There are three types of domicile under general law and I will go into each in detail:
1. Domicile of origin;
2. Domicile of dependency; and
3. Domicile of choice.
What is a person’s domicile of origin?
A person’s domicile of origin is, in short, the domicile they are born with. What that domicile is will depend on the individual’s particular circumstances. The two most common circumstances will be either a legitimate child or an illegitimate child.
Where the individual is a legitimate child, then their domicile of origin will be the domicile which their father had at the time of their birth.
Importantly, the individual’s domicile is not where they were born – a person can be born in one country with a domicile of origin elsewhere. It is their father’s domicile which will be relevant.
Consider the following example:
John was born in England. His father was born in Spain with a Spanish domicile of origin. Whilst John’s father was living in Spain, he had still retained his Spanish domicile of origin. Therefore, whilst John was born in England, he would have been born with a Spanish domicile of origin.
Where either a child is born after his father has died or is an illegitimate child, then his domicile of origin will instead be the domicile of his mother at the time of his birth.
Again, the question that needs to be asked is not the child’s residence, but rather the domicile of the mother.
There are obviously circumstances which may fall outside these usual rules, for example, more detailed examination is needed in cases of divorce or adoption.
What is a person’s domicile of dependency?
A child’s domicile will change with that of their parent until they reach the age of 16. This is their domicile of dependency. In terms of which parent will be relevant, it will be the parent upon which the child’s domicile depends.
When a person turns 16, they will usually be domicile in the last place of their domicile of dependency. However, they may be able to show that they have acquired a domicile of choice elsewhere. Circumstances during their domicile of dependency can be used to establish where the individual has a domicile of choice upon turning 16.
What is a person’s domicile of choice?
A person acquires a domicile of choice through both having residence in a place and also forming an intention to reside there permanently.

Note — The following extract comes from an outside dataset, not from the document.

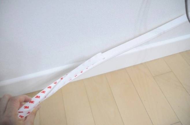 그 다음 전선몰딩 뒤쪽에 있는 3M 테이프의 이형지를 떼어낸 후, 원하는 위치에 붙이면 끝!

In terms of the question of residence, it is not a very high bar to meet, but it requires more than merely passing through a location.
In establishing whether a person has the requisite intention, all the circumstances of their life may be considered. As such there is no strict set of requirements that can be met in order to establish if a person has established a domicile of choice in a certain place.
Statements of a person’s intention can be helpful, but ultimately the corroborating factors will carry significantly more weight in the event of an enquiry.
If you have a domicile issue, what should you do?
If you are having concerns about your domicile or foresee that you could have concerns in the future, then you should take advice. Taking advice early is recommended as it provides for the maximum amount of time to prepare statements and collate evidence. HMRC have provided a list of documents that they may expect to see in the event of a domicile enquiry at RDRM2380.
If you have concerns about your domicile of origin, then advice should be taken prior to the death of your parents as it can be incredibly helpful to have statements from them. This is especially true if you were born in one of the countries in the UK, but consider that you may not have been born with a domicile of origin there. Given the changes to the rules of deemed domicile, this will be of even more importance.